И в следующую секунду увидел, как из толпы вышел чернявый мужчина средних лет и, сверкая словно начищенные ботинки, устремился прямо к Лизе.
– Господи, вы меня не узнаете?! Да что же вы, право, я – Петр Николаевич… Александров. Ну теперь-то вспомнили?
Лиза обдала его арктическим холодом, передернула хрупким плечиком и отвечала твердо:
– Помилуйте, вы обознались.

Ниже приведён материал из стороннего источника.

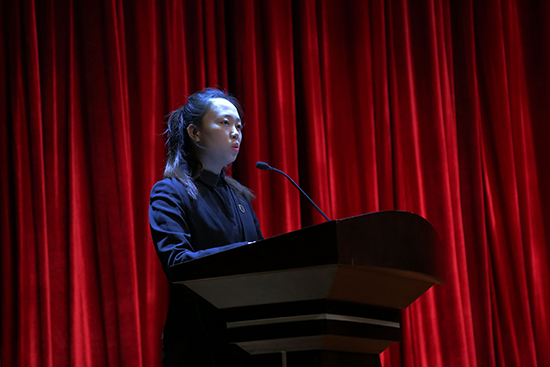 校团委副书记王莉馨宣读表彰决定(王航 摄)

Я вас совершенно не знаю.
– Господь с вами, душечка, – почти терял терпение господин. – Наш с вами обед обернулся для меня едва ли не разорением. А вы утверждаете, что видите меня впервые в жизни.
Савелий с ужасом отметил, что на них начинают обращать внимание. Попахивало скандалом, и каждый хотел стать свидетелем развязки.
– Отойдите от меня, иначе я позову городового!
– Ах вот как! Так вы меня еще пугаете, милочка! – забасил угрожающе Александров. – Да известно ли вам… А может быть, это я позову полицию? Уж не одна ли вы шайка?! Мне-то вы представились барышней приличной, а сами-то вот как! Да кто бы мог подумать о таком! Пойдемте в полицию, – вцепился банкир в руку Лизы. – Я требую объяснений!
В этот момент она увидела Савелия. Ему даже показалось, что девушка метнулась в его сторону.
– Отпустите! – В глазах Елизаветы мелькнула ярость.
В правом кармане пиджака у Савелия лежал автоматический пистолет «вальтер». Эту игрушку в прошлом году он выиграл на Хитровке в карты у одного храпа, который в свою очередь украл ее у пристава. Савелий сунул руку в карман, и тотчас пальцы нащупали прохладный металл.
– Нет, позвольте, душечка, вы нам все расскажете, где ваши сообщники!
– Что вы себе позволяете?
Савелий взвел курок.
– Барин, что же ты делаешь? – отошел от стены косматый детина саженного роста. – Почто девицу несносными словами смущаешь? – И негромко, вкладывая в каждое слово злобу, процедил: – Отошел бы ты, барин, не хотелось бы греха на душу брать.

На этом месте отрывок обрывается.